Stem cell transcriptional profiles from mouse subspecies reveal cis-regulatory evolution at translation genes

Abstract

A key goal of evolutionary genomics is to harness molecular data to draw inferences about selective forces that have acted on genomes. The field progresses in large part through the development of advanced molecular-evolution analysis methods. Here we explored the intersection between classical sequence-based tests for selection and an empirical expression-based approach, using stem cells from Mus musculus subspecies as a model. Using a test of directional, cis-regulatory evolution across genes in pathways, we discovered a unique program of induction of translation genes in stem cells of the Southeast Asian mouse M. m. castaneus relative to its sister taxa. We then mined population-genomic sequences to pursue underlying regulatory mechanisms for this expression divergence, finding robust evidence for alleles unique to M. m. castaneus at the upstream regions of the translation genes. We interpret our data under a model of changes in lineage-specific pressures across Mus musculus in stem cells with high translational capacity. Our findings underscore the rigor of integrating expression and sequence-based methods to generate hypotheses about evolutionary events from long ago.

Fig. 1. Directional cis-regulatory variation in translation gene expression in stem cells between mouse subspecies.

A Results from analyses of differential allele-specific expression across genes from the Gene Ontology term GO:0006412, translation, in stem cells of F1 hybrids between CAST and either C57BL/6 (from Werner et al. 2017) or 129 (Marks et al. or this study) as indicated. The first and second rows report the percentage of translation genes in which the CAST allele was expressed higher or lower, respectively, than the allele of the other parent, and the third row reports the ratio of these quantities. B Each point reports allele-specific expression of a translation gene in CASTx129 hybrid stem cells cultured in this study: the x-axis reports the log₂ ratio of expression of the respective strain alleles, and the y-axis reports the log₁₀ of the significance of the difference (p-adj, adjusted p-value). Point colors report significance of differential allele-specific expression (red, adjusted p < 0.05; black, adjusted p > 0.05). Red and black text inlays report the percentage of translation genes where expression of the respective parental allele was higher with and without filtering for significance, respectively.

Fig. 2. Directional trans-regulatory variation in translation gene expression in stem cells between mouse subspecies.

A Data are as in Fig. 1A except that each column reports results from comparisons between homozygous CAST and homozygous 129 (this study or Skelly et al. 2020), C57BL/6 J, A/J, NZO/HILtJ, NOD/ShiLtJ, WSB/EiJ, or PWD/PhJ (Skelly et al. 2020) as indicated. B Data are as in Fig. 1B except that each point reports expression of a translation gene in a comparison between homozygous CAST and 129 stem cells.

Fig. 3. Signatures of species divergence and regulatory function of Ctr9 at translation genes.

A In a given row, each colored cell reports normalized divergence, the ratio of inter-subspecies divergence to within-subspecies polymorphism, at Ctr9 binding sites upstream of genes from the Gene Ontology term GO:0006412, translation, or all other genes of the genome, in a comparison between M. m. castaneus and the indicated population of a sister taxon.

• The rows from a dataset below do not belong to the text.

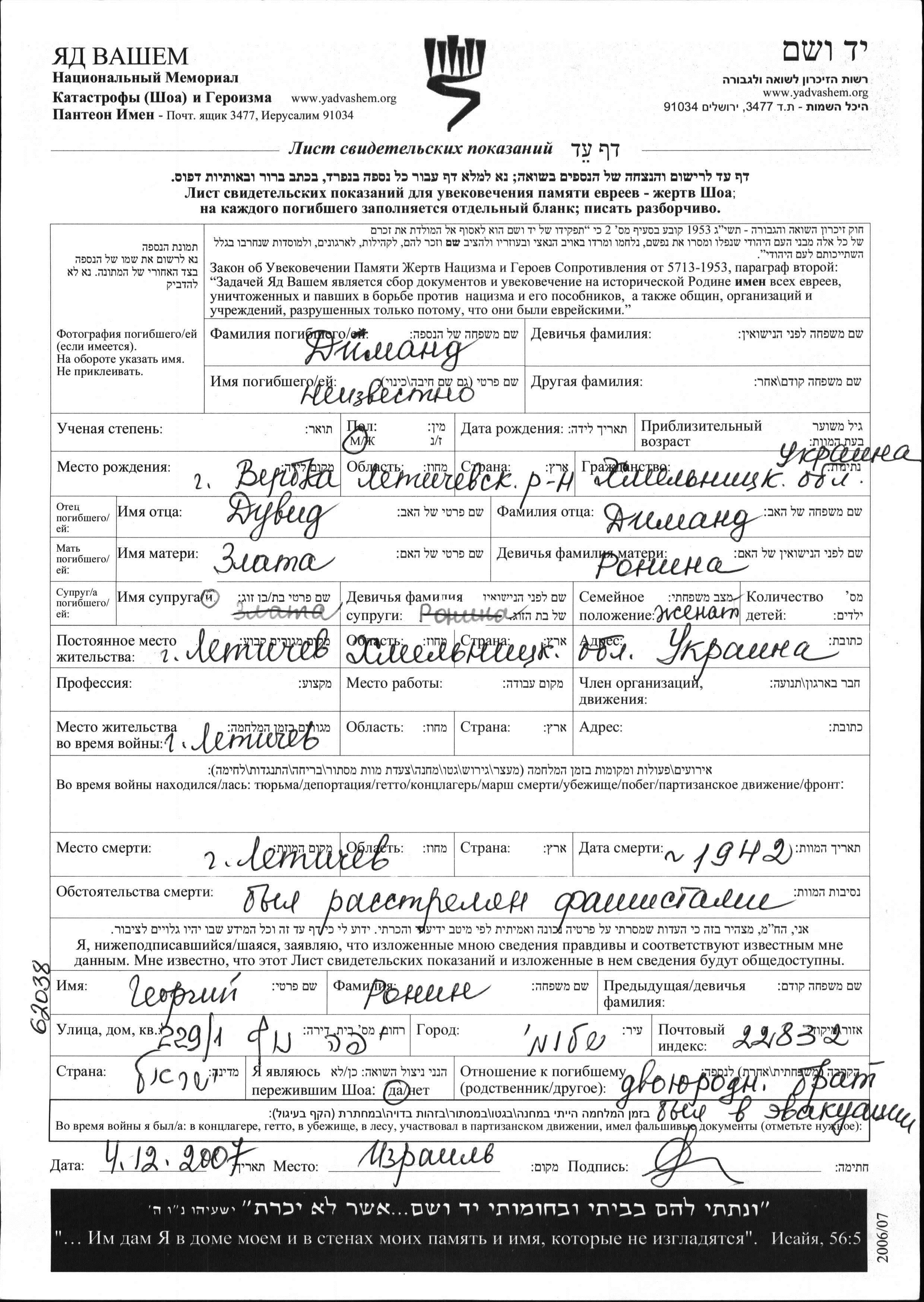 Яд Вашем - Листы свидетельских показаний Мемориального фонда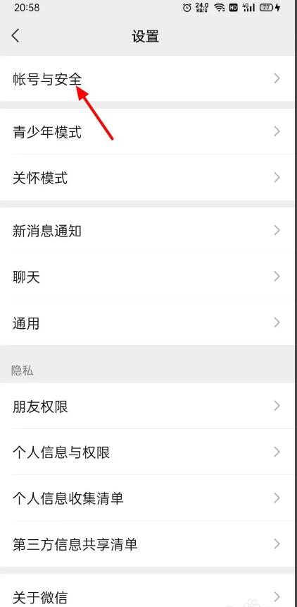 2、然后就进入到设置的页面,点击【账号与安全】;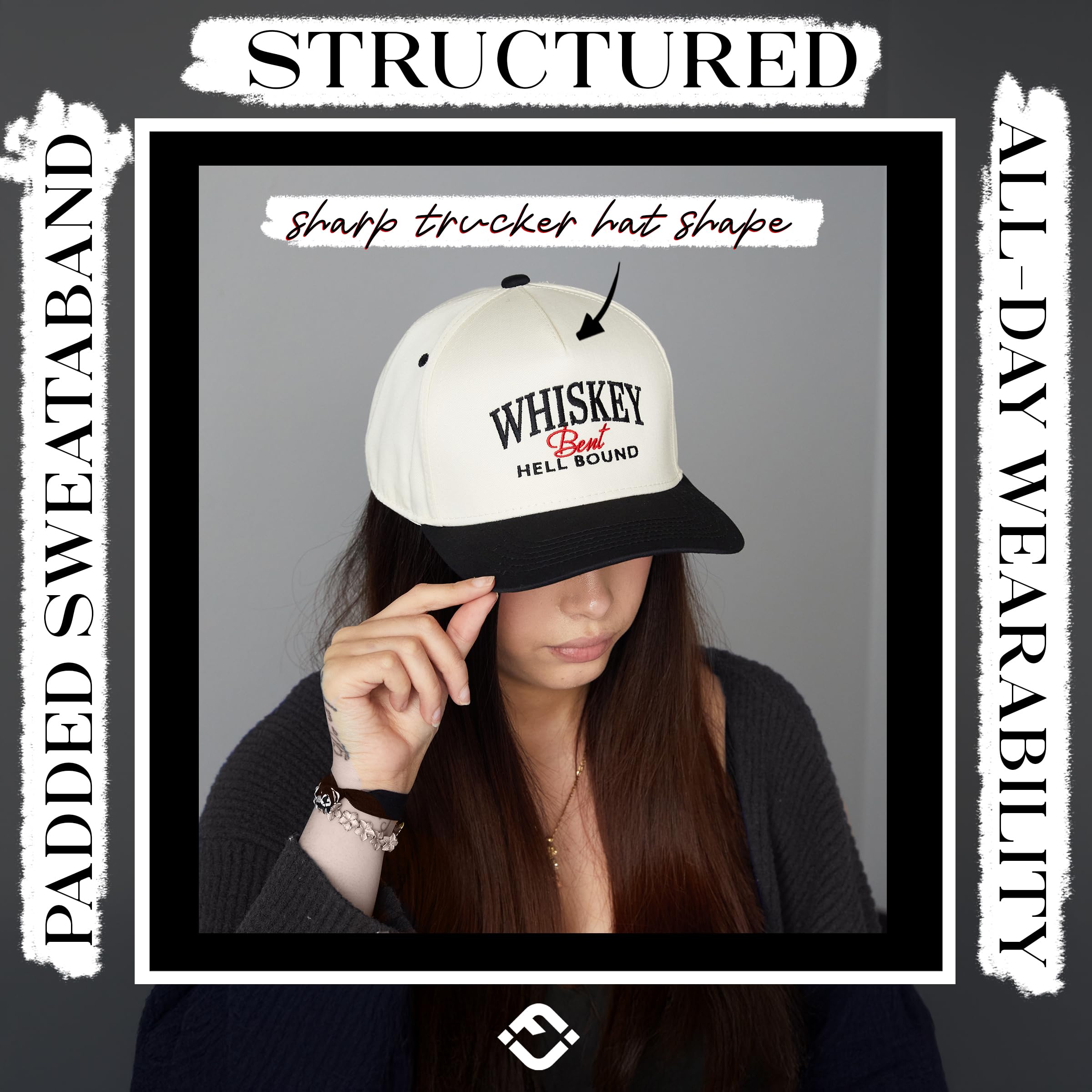 GREAT QUALITY: These two-tone retro baseball caps are 35% cotton and 65% polyester, ensuring a soft, comfortable fit, while also providing durability and breathability. This 5 panel structured hat boast high-quality, detailed embroidery designs, adding a touch of elegance and sophistication to any occasion. Despite their structured design, these hats offer a lightweight feel that contributes to their comfort and suitability for extended wear. Hand wash only.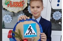 Артемьев Константин, ученик 3 класса участвует в конкурсе поделок по безопасности дорожного движения. Номинация "Ёлочная игрушка".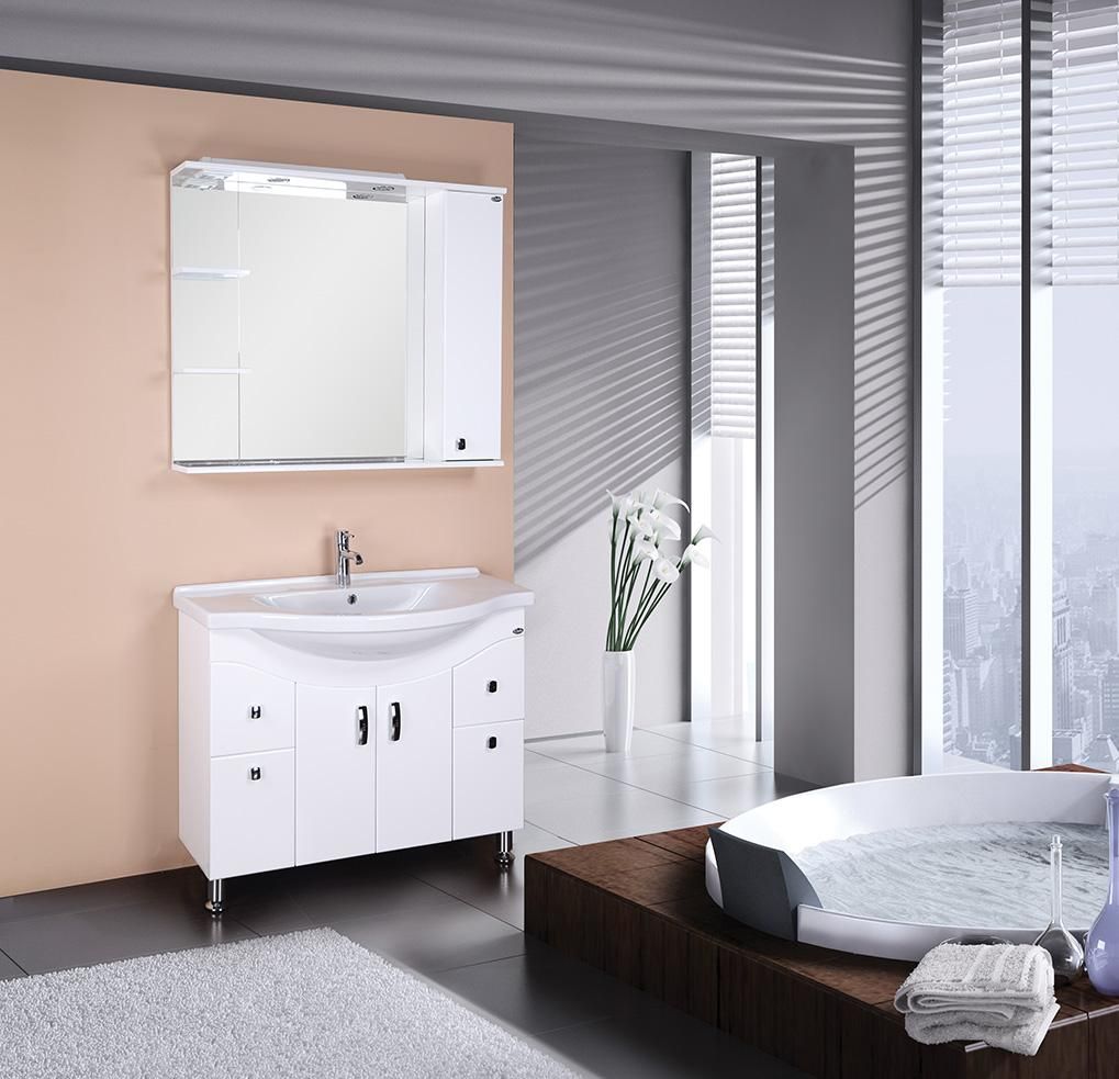 В тумбе Onika Эльбрус 90 белоснежный глянец фасада подчеркивается оригинальной хромированной фурнитурой и сложной изысканной геометрией линий.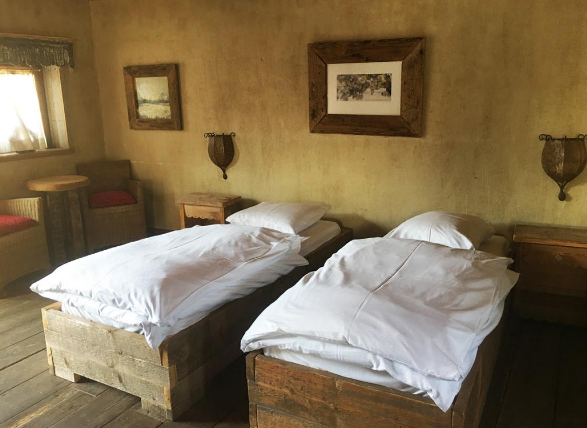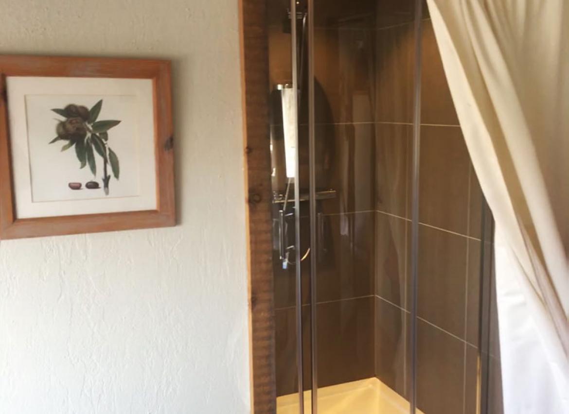 • 1 chambre : 5 personnes en lit « simple », TV, salle de douche privative + lavabo + WC (accessible via un sas extérieur)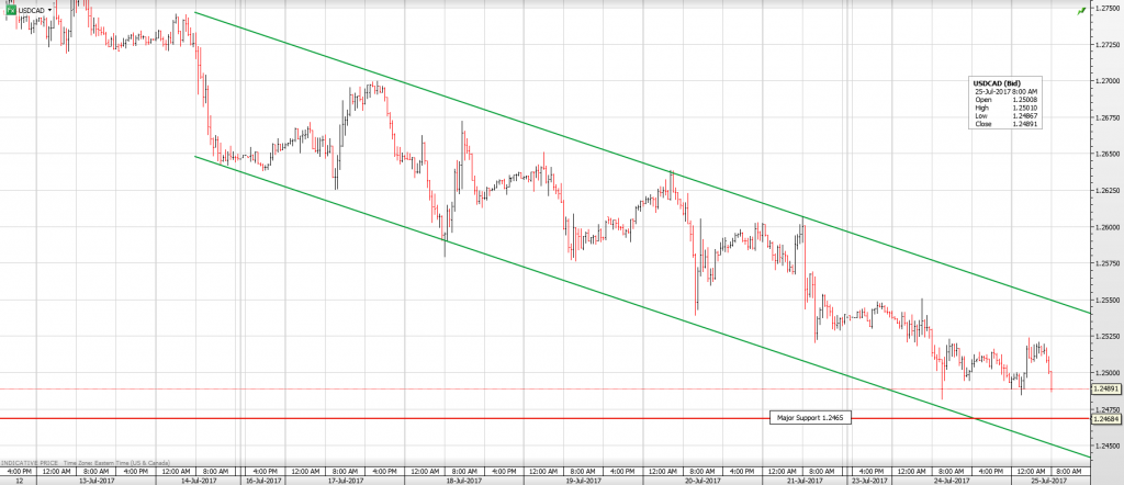 The intraday USDCAD technicals are bearish. The downtrend from the July 12 break of support at 1.2850 is intact while prices are below 1.2580 and keeps the focus on key support at 1.2465. A break of this level opens the door to further losses to 1.2050. A move above 1.2580 targets 1.2750.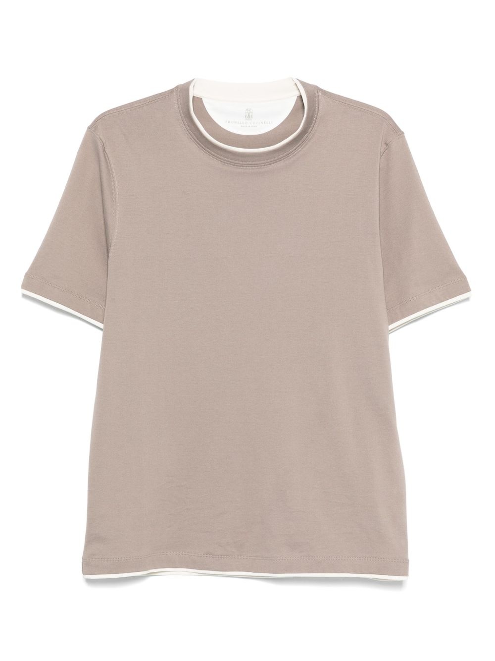 cotton T-shirt Highlights - Brown - Crew neck - Short sleeves - Contrasting border - Straight hem Made in Italy Composition Cotton 100% SIZE & FIT Model measurements Height 6 ft 0 in(1.84 m) Bust/Chest 35.82 in(91 cm) Hips 37 in(94 cm) Waist 28.34 in(72 cm) FittingInformation Designed for a regular fit allowing for a comfortably loose fit throughout the body Made from a midweight non-stretch fabric, this piece offers minimal elasticity when worn Washing instructions Machine Wash
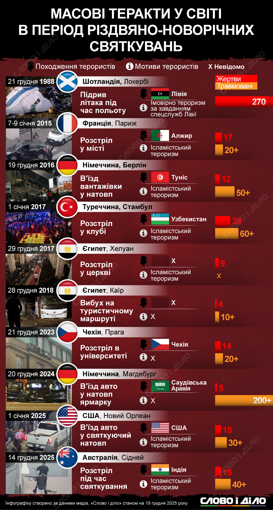 Новогодние и рождественские празднования 2025-2026 только начинаются, а в некоторых странах мира уже произошли кровопролитные теракты, в результате которых погибли или получили ранения десятки человек. Самым громким с начала декабря стал антисемитский теракт на пляже Бонди в Сиднее: двое террористов открыли по людям огонь во время празднования Хануки. Погибли 16 человек, в том числе один из нападавших. Также среди жертв – 10-летний ребенок. Еще в этом месяце в немецкой Баварии арестовали подозреваемых в планировании теракта на рождественской ярмарке. А в Соединенных Штатах произошла стрельба в Браунском университете и студенческом общежитии штата Кентукки. «Слово и дело» на инфографике вспомнило и другие случаи совершения терактов в период рождественско-новогодних празднований в странах мира.

FRA, France; GER, Germany; IRA, Iran; AFG, Afghanistan; CZE, Czech Republic; KAZ, Kazakhstan. Cells are colored based on relative values. Values at the bottom report the results of an ANOVA testing for differences in normalized divergence between translation genes and controls (see Table 1 and Table S7). P-adj, screen p-value after correction for multiple testing; OR, odds ratio. B A portion of a Ctr9 binding footprint upstream of the translation gene Rps29 as an example of mouse subspecies variation. The x-axis reports position relative to the transcription start site. Each row reports the sequence of one mouse individual; at heterozygote loci, only the allele representing the alternate to the reference is shown, although our analysis methods accounted for both (see Methods). C Data are as in A, except that each value reports the number of sites divergent between M. m. castaneus and the indicated sister population in the region of interest, standardized by the length of the latter. D Data are as in A, except that each value reports the number of sites polymorphic within M. m. castaneus and/or the indicated sister population in the region of interest, standardized by the length of the latter. E Shown is an analysis of mouse subspecies divergence variation at Ctr9 binding sites, in genes stratified by membership in the translation gene cohort and allele-specific expression differences between CAST and 129 alleles in F1 hybrid stem cells (ASE; Marks et al. ; Table S5). For a given bar, the y-axis reports the percentage of genes in the indicated category containing variants in Ctr9 binding sites divergent between M. m. castaneus and one or more sister taxon (Table S8). *, Fisher’s exact test p = 0.02. F) Data and symbols are as in Fig. 1B except that each point reports a comparison of expression of one translation gene between Ctr9 knockdown and shRNA control mouse stem cells (Ruan et al. 2023), and red and black text inlays report the percentage of translation genes where expression was higher in the indicated genotype with and without filtering for significance, respectively.